Live-cell imaging and quantification of IRF3 nuclear translocation
A549 cells stably expressing histone H2B-mCherry and eGFP-tagged IRF3 were seeded at a density of six x 104 cells per 24-well. The next day, cells were stimulated with in vitro transcribed and chromatographically purified 400 bp 5′ppp-dsRNA (Binder et al, 2011) or poly(C) (Sigma-Aldrich) using Lipofectamine 2000 (Invitrogen) following the manufacturer’s protocol (lipoplexes were left on cells through the duration of the experiment) or an in-well electro-transfection approach (Lonza). For the electro-transfection–based transfection of adherent cells, the 4D-Nucleofector Y Unit (Lonza), the AD2 4D-Nucleofector Y Kit (Lonza), and a homemade cytomix (120 mM KCl, 0.15 mM CaCl2, 10 mM KPO4, 25 mM HEPES, 2 mM EGTA, 5 mM MgCl2, pH 7.6, added directly prior usage: 2 mM ATP, 5 mM GT) were used. First, the provided dipping electrode array was used for a mock transfection to decrease the electro-transfection intensity to maximize cell survival and transfection efficiency. Next, DMEM was replaced with 350 μl cytomix and the electrode was inserted into the 24-well plate strictly avoiding the formation of air bubbles. Electro-transfection was performed using the FB-166 program and cytomix was replaced with warm DMEM subsequently. IRF3-GFP nuclear translocation and H2B-mCherry colocalization were analyzed using confocal microscopy equipped with an incubation chamber (Olympus FluoView FV1000) or monitored in short time periods using a 10x magnification in an IncucyteS3 Live-Cell Analysis System (Sartorius AG). Image analysis was conducted with the machine learning software ilastik (Berg et al, 2019) using pixel and object classification to distinguish background from cell nuclei and to determine IRF3-GFP and H2B-mCherry colocalization, respectively. Calculations for object classification were performed by applying a size range of 60–500 and a threshold 0.85. Here, at least 500 and up to 2,500 individual cells were analyzed for each time point in each condition.

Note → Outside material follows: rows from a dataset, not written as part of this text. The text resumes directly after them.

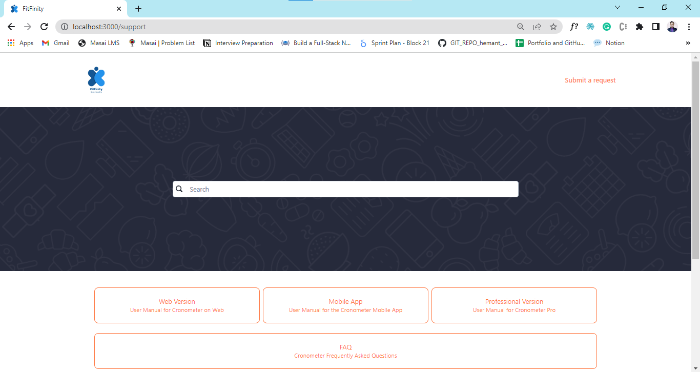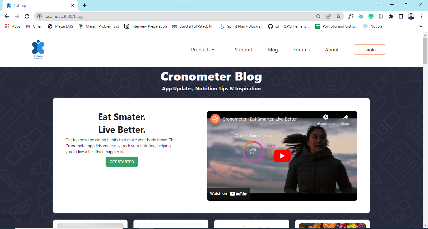 This was a collaborative construct week project at Masai School. Goal behind the project was to create a full stack clone of the Cronometer website as close as possible to the original one with all the major functionalities of this website, such as Authentication, Landing Page & Dashboard for tracking the nutritions. This project was built by a team of 4 developers in 5 Days.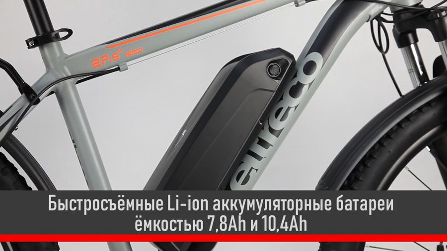 - Съемный аккумулятор в 36 Вольт и емкостью 10 Ач дает возможность осуществлять поездки на далекие дистанции без необходимости подзарядки.
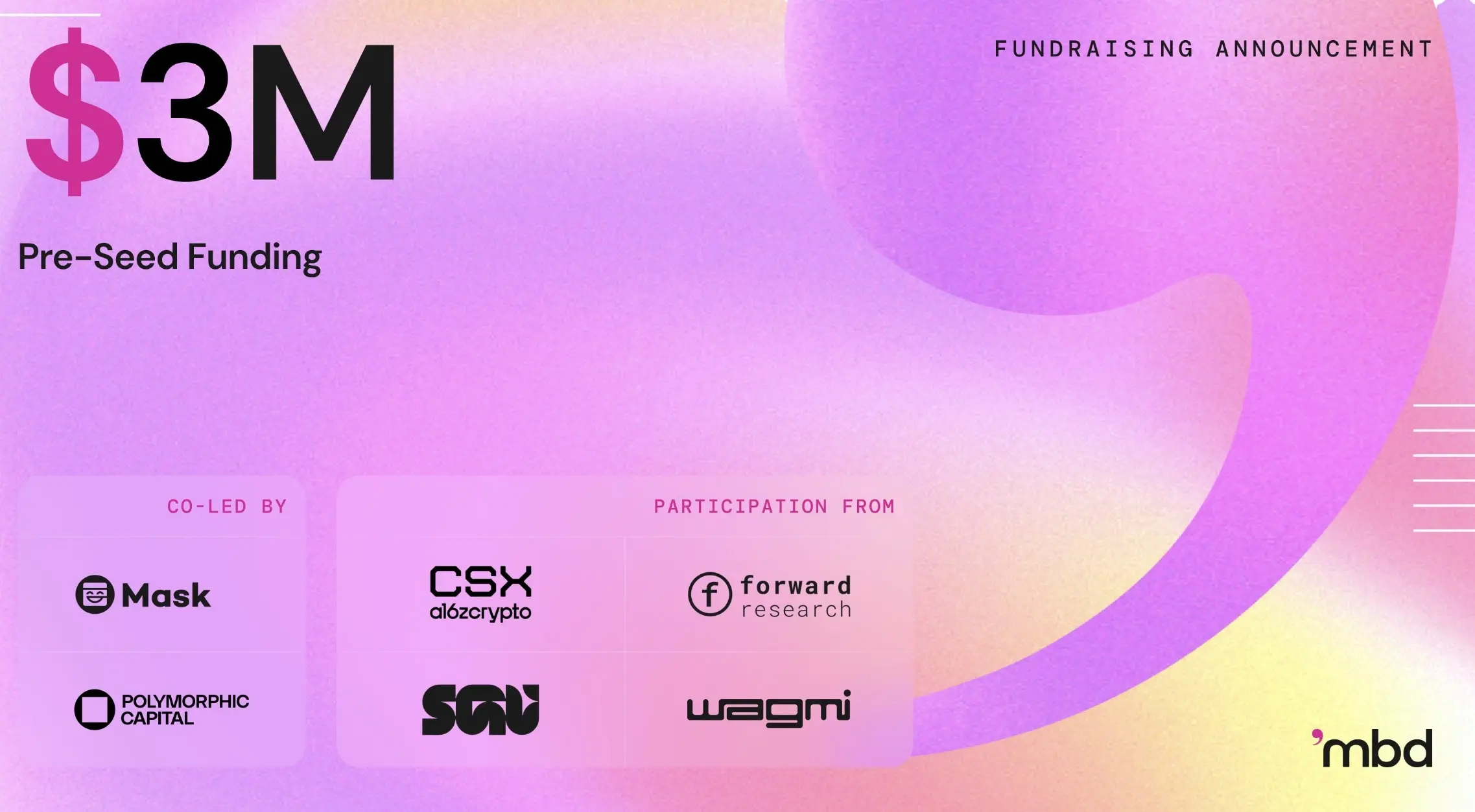 Web3 AI 内容推荐系统 ❜mbd 完成 300 万美元 Pre-seed 轮融资,Mask Network 和 Polymorphic Capital 领投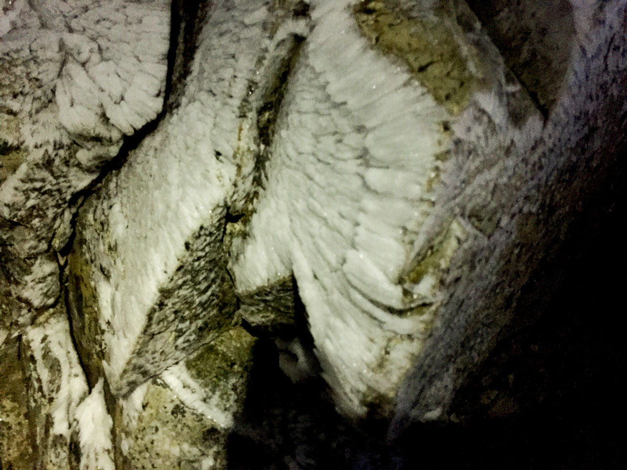 五竜を越えると、鎖場の鎖に海老のしっぽ(雪が風に吹かれて鎖や木々に海老のしっぽのように付いている様)が生えていた。斜面も霜がつき、持っているものをすべて着込んでも寒さが止まらず、このまま行動するのは危険だと感じた。

Synchronous stimulation using electro-transfection
Synchronous stimulation of the RIG-I pathway in A549- or HepG2-based cell lines was carried out using the Gene Pulser Xcell modular electro-transfection system (Bio-Rad) and a ShockPod cuvette chamber (Bio-Rad). Cell suspensions containing 4 x 106 cells were centrifuged at 700g for 5 min, resuspended in 400 μl homemade cytomix, and transferred to a 0.4 cm cuvette already containing 220 ng 5′ppp-dsRNA. Electro-transfection was performed at 150 V with an exponential decaying pulse for 10 ms. Transfected cell suspensions were directly transferred to pre-warmed, antibiotic-free DMEM, washed twice in DMEM, and finally resuspended in 9.6 ml DMEM. Cells were seeded on six-well plates using 1.2 ml washed cell suspension per well and time point.
Infection of HFFs
A total of 5 x 105 HFFs were seeded in the wells of a six-well plate. The following day, the cells were infected on ice by replacing the cell culture supernatant with fresh medium containing (VSV GFP*MQ, gently provided by Gert Zimmer; University of Bern), resulting in a MOI of 10. To enhance and synchronize the infection, the plates containing cells were centrifuged at 805g and 4°C for 30 min before transferring to 37°C with 5% CO2. After 1 h, cells were washed with citric acid pH 5 for 5 min to remove any unbound viruses. After a subsequent wash with PBS, the cells were cultured with fresh medium, marking the start of the experiment (time point 0).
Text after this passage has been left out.